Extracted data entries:
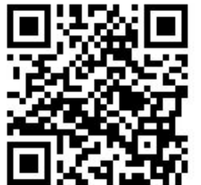
QR code for CLUB 3:16 web page
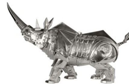
0005320.606 King Kong Rhino - Platinum limited edition: 88 pcs cm. 44 h x 65 l x 20 w
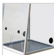
Three Side Glass Windows Back&Side glass windows maximize light and visibility, providing a bright and open working environment
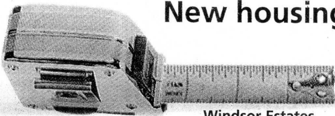
Windsor Estates 42 lots
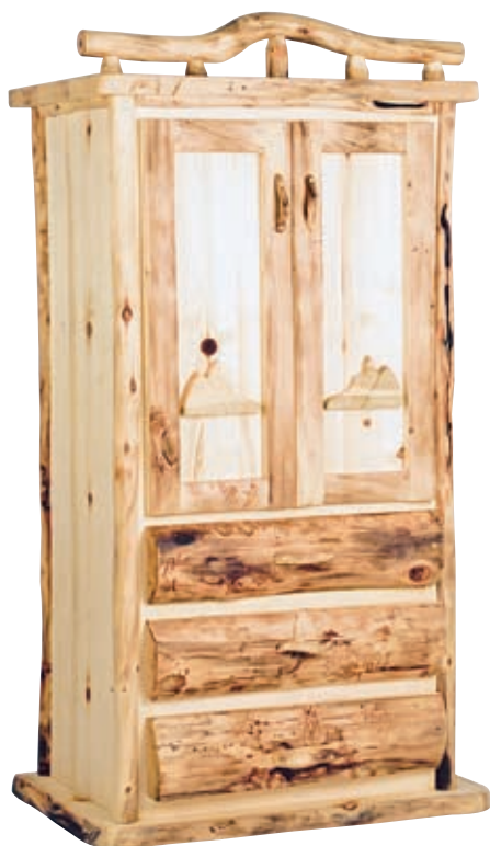
3-Drawer Teton Armoire

Complete your ideal bedroom suite with a stunning armoire that manages your clothing storage or TV/electronics needs. Our Armoire Series has a wardrobe bar in the upper compartment, while the Teton Armoire Series has two adjustable shelves in the upper compartment and a mountain scene carving on the upper doors. All armoire doors have 270 degree hinges for easy interior access and optimal TV viewing.

Problem: Beginning with the line that contains "Three Side Glass" and ending with the last line of the data, restate each line word for word. Exclude the pictures.

Reply to the task:
Three Side Glass Windows Back&Side glass windows maximize light and visibility, providing a bright and open working environment
Windsor Estates 42 lots
3-Drawer Teton Armoire

Complete your ideal bedroom suite with a stunning armoire that manages your clothing storage or TV/electronics needs. Our Armoire Series has a wardrobe bar in the upper compartment, while the Teton Armoire Series has two adjustable shelves in the upper compartment and a mountain scene carving on the upper doors. All armoire doors have 270 degree hinges for easy interior access and optimal TV viewing.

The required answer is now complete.